Как, да что в управе деется мы и раньше-то — больше из других источников узнавали. Позвонишь жене Никитичевой, бывало: как там дела у Никитича? Вроде и не из Африки, просто по морде его хитрой соскучился.
— Да какие дела? Я вчера в управлении была, так эти негодяи говорят… — и на полчаса тексту. Но зато и информация — исчерпывающая, с полными характеристиками начальства, Никитича и ЮНЕСКО.
Возвращается как-то рефик с переговоров таких, а у нас уже заведено было: два человека в неделю домой звонить могут, дорого у них там это удовольствие, и заодно — жене Никитичевой, новости узнать, — возвращаются они с боцманюрой, ржут:
— Никитич, две новости у нас. Тебе хорошую или плохую сначала?

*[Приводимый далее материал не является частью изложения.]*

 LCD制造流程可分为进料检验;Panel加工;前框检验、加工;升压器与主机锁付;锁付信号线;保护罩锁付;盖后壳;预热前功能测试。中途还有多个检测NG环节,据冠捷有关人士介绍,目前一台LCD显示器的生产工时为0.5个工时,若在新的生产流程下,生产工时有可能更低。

— Плохую? Борова нашего, начальника, то-ли на повышение, то-ли под следствие в Киев забирают. Вобщем, он задним числом "продал" нас фирмачу московскому. По остаточной стоимости. Закрыл тему. А мы, оказывается, как только контракты с ВЛКСМом подписали, автоматически из управы уволились. Не их это головная боль теперь, как нас отсюда вытащить.
— Говорил я тебе Никитич, что до новых веников это, — тралмастер вздыхает.
— Вобщем, ты как хочешь, а я завтра огород сажать начинаю. Я место на пустыре давно присмотрел. Земля не кубанская, конечно, но с поливом если… Эй, боцманюра! Картошку сажать берёшься? До трёх урожаев в год снимать можно.
— А хорошая ж какая? — вспомнил Никитич.
— Дочка твоя послезавтра замуж выходит.
Вот что значит — засиделись в гостях. Так и жёны скоро замуж повыходят, не то что дочки.
А тут ещё и Ленка опять явилась. С бланжом под глазом, к тому же.
— Да, понимаю теперь, — говорит, — почему Отелло именно мавром был.
— Вы уж меня спрячьте на пару дней. Как бы Дездемоной мне не стать. Да какой там платочек кружевной? Прямо на месте преступления, в гримуборной… И чего ему за столиком не сиделось? Он что думал, что меня хозяин за хореографические таланты только в варьете держит?
А тут и тойота, нам уже известная, подкатила. С мавром.
Вобщем, слово за слово, загремели мы с Вальком, опять на пару, как в госпиталь малярийный, в участок полицейский. Правильно тралмастер говорил: как филиппинцев в кабаке бить, так всегда желающих полно, а как белую наложницу из сарацинской неволи вызволить…
Сижу за решёткой, в темнице сырой…
Сидим, вернее. Тридцать нас в камере. Экономно сидим. Харчи всем — родственники носят. Только нам — сослуживцы. Валёк только вошёл, осмотрелся:
— Ну, это не керченский медвытрезвитель, — говорит.
— Жить можно.
Основательную тюрягу португалы им отгрохали. Стены — из мортиры не прошибёшь. По всему видать — форт бывший. Просто как графьям МонтеКристо почёт нам оказан. Хорошо хоть не на острове. Потом оказалось, действительно как графьям. В подземелье — там вода по нарам во время прилива гуляет и крабы ползают.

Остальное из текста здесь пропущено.